# Information shown

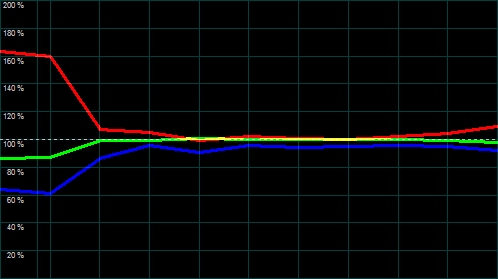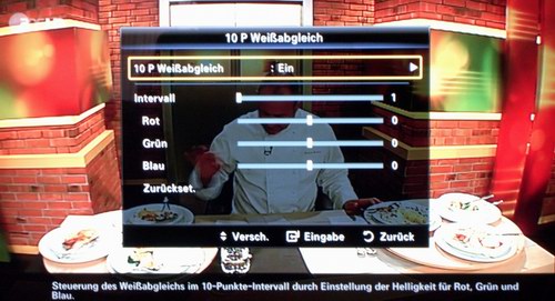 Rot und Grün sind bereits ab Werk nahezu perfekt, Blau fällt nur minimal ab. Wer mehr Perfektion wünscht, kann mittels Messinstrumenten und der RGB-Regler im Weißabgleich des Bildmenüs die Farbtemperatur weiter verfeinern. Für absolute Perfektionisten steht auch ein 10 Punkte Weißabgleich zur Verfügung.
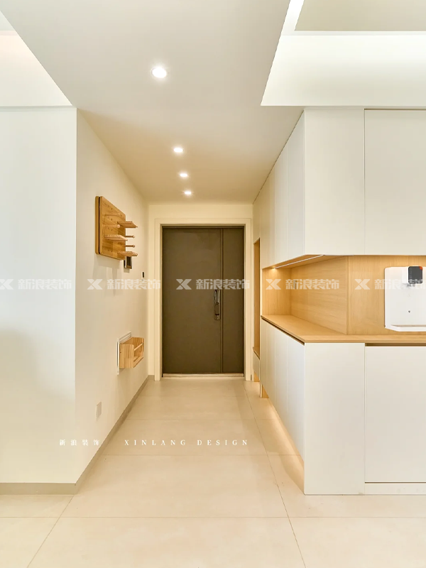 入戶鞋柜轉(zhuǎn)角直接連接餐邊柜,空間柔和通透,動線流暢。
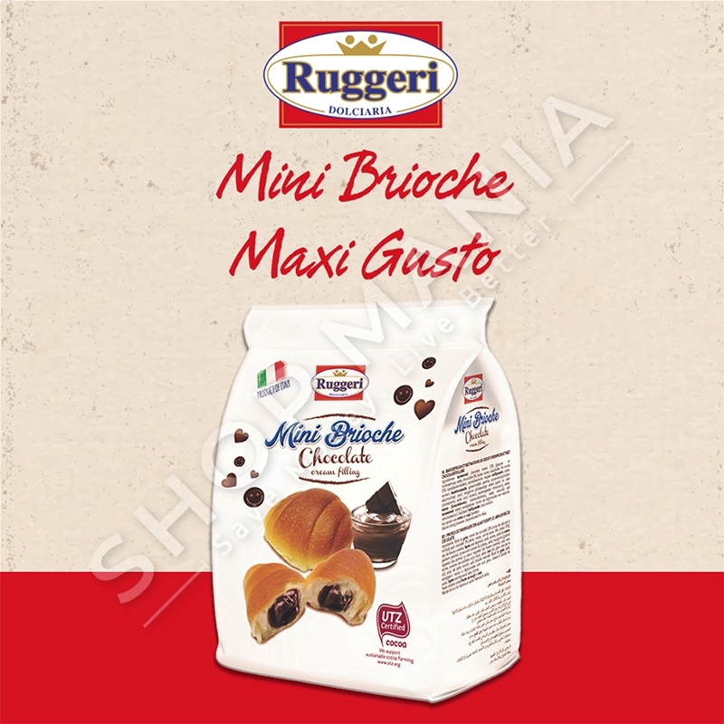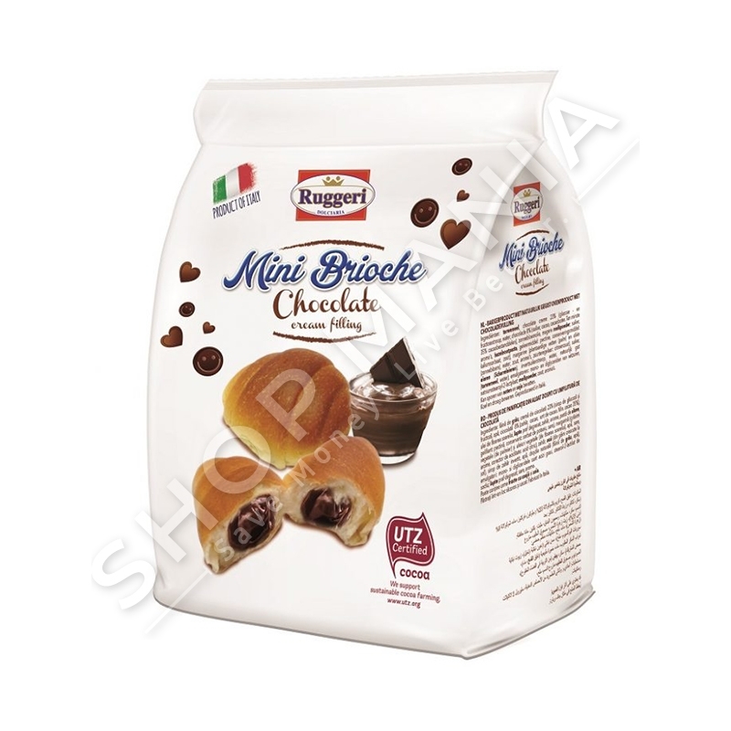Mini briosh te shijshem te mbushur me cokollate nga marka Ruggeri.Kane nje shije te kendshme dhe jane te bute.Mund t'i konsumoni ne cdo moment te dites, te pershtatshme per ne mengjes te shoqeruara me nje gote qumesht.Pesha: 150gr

* * *

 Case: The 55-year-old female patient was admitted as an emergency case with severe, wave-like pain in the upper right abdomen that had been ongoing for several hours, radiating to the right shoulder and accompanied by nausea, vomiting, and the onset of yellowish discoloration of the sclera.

# Task description
Repeat the lines above exactly, beginning with the one containing "Rot und Grün" and finishing with the one containing "Mini briosh te". No pictures belong in the copy.

# Your solution
 Rot und Grün sind bereits ab Werk nahezu perfekt, Blau fällt nur minimal ab. Wer mehr Perfektion wünscht, kann mittels Messinstrumenten und der RGB-Regler im Weißabgleich des Bildmenüs die Farbtemperatur weiter verfeinern. Für absolute Perfektionisten steht auch ein 10 Punkte Weißabgleich zur Verfügung.
 入戶鞋柜轉(zhuǎn)角直接連接餐邊柜,空間柔和通透,動線流暢。
Mini briosh te shijshem te mbushur me cokollate nga marka Ruggeri.Kane nje shije te kendshme dhe jane te bute.Mund t'i konsumoni ne cdo moment te dites, te pershtatshme per ne mengjes te shoqeruara me nje gote qumesht.Pesha: 150gr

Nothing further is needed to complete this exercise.